Entries taken from a collection
========
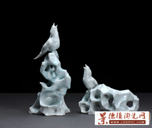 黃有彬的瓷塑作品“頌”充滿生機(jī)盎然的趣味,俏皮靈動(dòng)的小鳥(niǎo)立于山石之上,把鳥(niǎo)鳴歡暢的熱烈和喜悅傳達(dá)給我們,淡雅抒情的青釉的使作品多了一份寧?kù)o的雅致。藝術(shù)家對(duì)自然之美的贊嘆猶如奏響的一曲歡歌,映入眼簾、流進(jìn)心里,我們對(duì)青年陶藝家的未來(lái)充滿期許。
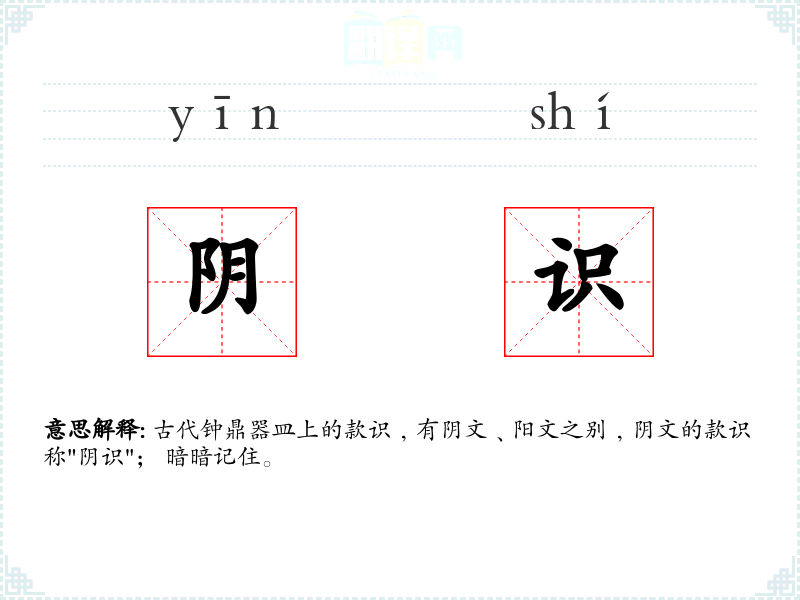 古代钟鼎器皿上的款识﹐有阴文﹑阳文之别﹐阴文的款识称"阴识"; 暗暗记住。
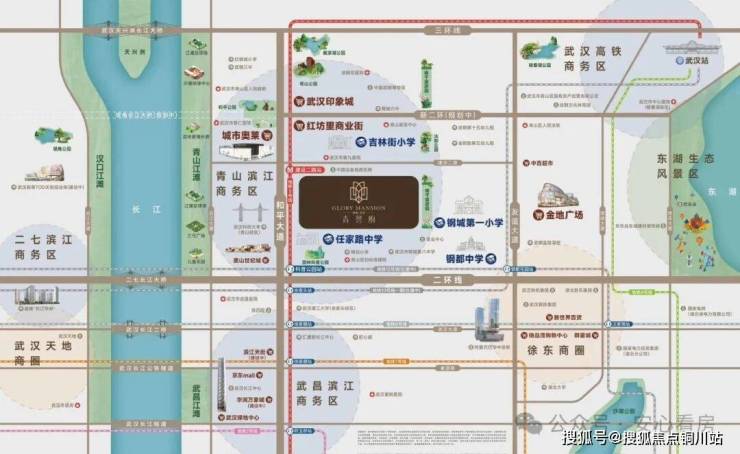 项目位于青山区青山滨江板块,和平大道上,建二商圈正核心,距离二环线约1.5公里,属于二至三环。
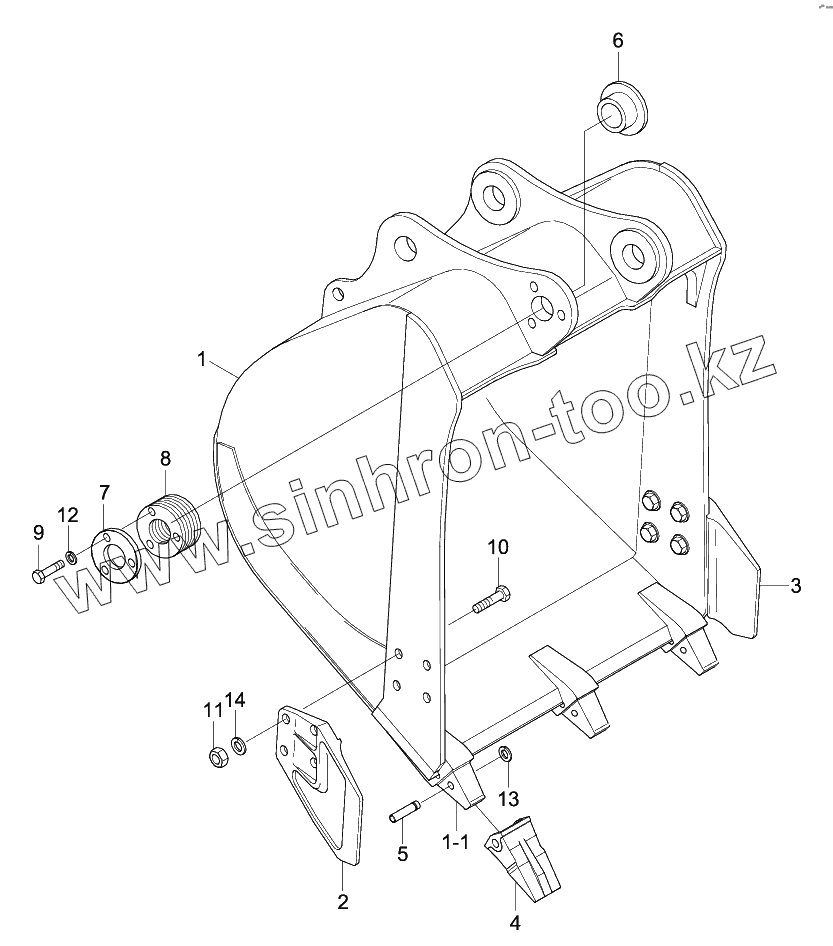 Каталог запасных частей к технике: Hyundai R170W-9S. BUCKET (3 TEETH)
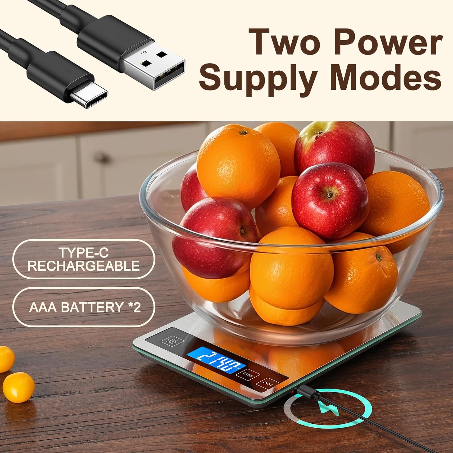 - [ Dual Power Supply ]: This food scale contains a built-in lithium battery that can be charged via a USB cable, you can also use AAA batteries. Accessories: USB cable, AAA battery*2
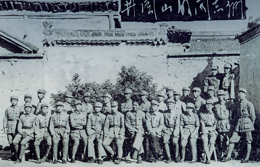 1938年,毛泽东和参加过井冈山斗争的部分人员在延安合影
========
Problem to solve: Strip out the images, then output the records above word for word.

Problem solution:
 黃有彬的瓷塑作品“頌”充滿生機(jī)盎然的趣味,俏皮靈動(dòng)的小鳥(niǎo)立于山石之上,把鳥(niǎo)鳴歡暢的熱烈和喜悅傳達(dá)給我們,淡雅抒情的青釉的使作品多了一份寧?kù)o的雅致。藝術(shù)家對(duì)自然之美的贊嘆猶如奏響的一曲歡歌,映入眼簾、流進(jìn)心里,我們對(duì)青年陶藝家的未來(lái)充滿期許。
 古代钟鼎器皿上的款识﹐有阴文﹑阳文之别﹐阴文的款识称"阴识"; 暗暗记住。
 项目位于青山区青山滨江板块,和平大道上,建二商圈正核心,距离二环线约1.5公里,属于二至三环。
 Каталог запасных частей к технике: Hyundai R170W-9S. BUCKET (3 TEETH)
 - [ Dual Power Supply ]: This food scale contains a built-in lithium battery that can be charged via a USB cable, you can also use AAA batteries. Accessories: USB cable, AAA battery*2
 1938年,毛泽东和参加过井冈山斗争的部分人员在延安合影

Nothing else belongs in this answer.